In chapter six, Johnston engages the theological tradition. Johnston examines three different thinkers who were influential on twentieth century Christian thought and takes his cues from them on revelation. With Barth he affirms that natural theology cannot happen from below (recalling his famous answer to Brunner) but “that revelation always needs the Spirit as Revealer–it is event” (127); with Schleiermacher he affirms that general revelation is not accessible through rationality “but through an intuition of Something or Someone beyond us and our feelings that result from that encounter” (127-8); from CS Lewis he gets the idea that general revelation is more than just an insignificant trace in comparison to the glory of Christ but “an experience of the wider Presence of God through his Spirit mediated through creation, conscience and human culture” (128).

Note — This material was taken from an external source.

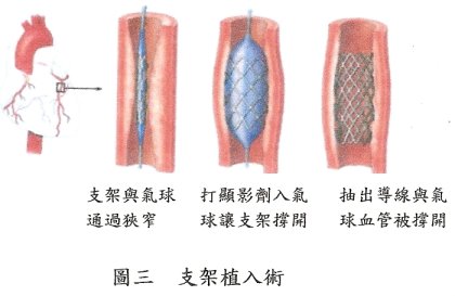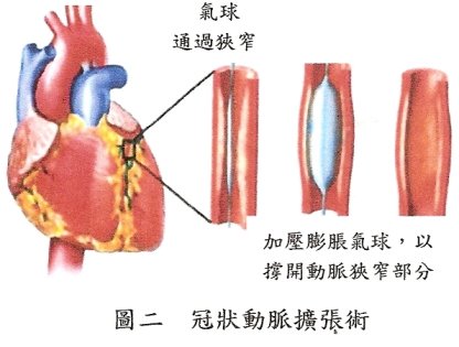 (一)经皮下导管冠状动脉扩张术(图二):可扩张冠状动脉血管病变狭窄处,以增进血流。

In chapter seven Johnston tracks this wider Presence of God through the writings of John Taylor, Elizabeth Johnson, and Jurgen Moltmann. Taylor tackled the reality of real Spiritual encounter in the realm of experience in mission and world religion. Feminist theologian Elizabeth Johnson explored how the Spirit was “God’s livingness subtly and powerfully abroad in the world” (174). The social-trinitarianism of Moltmann, releases the Spirit from his subjectivity to the Son, acknowledging the Trinity as a co-equal community. This allows for more freedom for the ‘wind to blow where it may,’ and the Spirit to show-up outside of the tale of our redemption. The final chapter continues to examine the Spirit is at work in the realm of creation, conscience and culture.
Without a robust understanding of general revelation, we have to remain skeptical of any spiritual experience, or moment of transcendence anywhere outside of the Word of God. That means a moving book or a film, a orchestral piece that brings you to tears, or any cultural achievement is at best merely a human endeavor, at worst demonic. If Johnston is right about the operation of God’s wider Presence, this gives space to critically engage other traditions and perspectives, allowing us to not be dismissive and suspicious of everything, while still acknowledging that aspects may be destructive, delusional and in conflict with the gospel. This gives us a different starting point in our conversations with non-Christians, one where our hunt for common ground reveals God’s Spirit already at work in the life of the world. Throughout this book, I appreciated how seriously Johnston takes the experience of Transcendence as a revelatory event. Even Barth, who was suspicious of human ability to apprehend God unaided, affirmed that Mozart, a non-practicing Catholic had heard the harmony of creation and captured it in his music (137). God’s wider Presence sings if only we hear the music. five stars: ★★★★★
Notice of material connection: I received this book from Baker Academic in exchange for my honest review.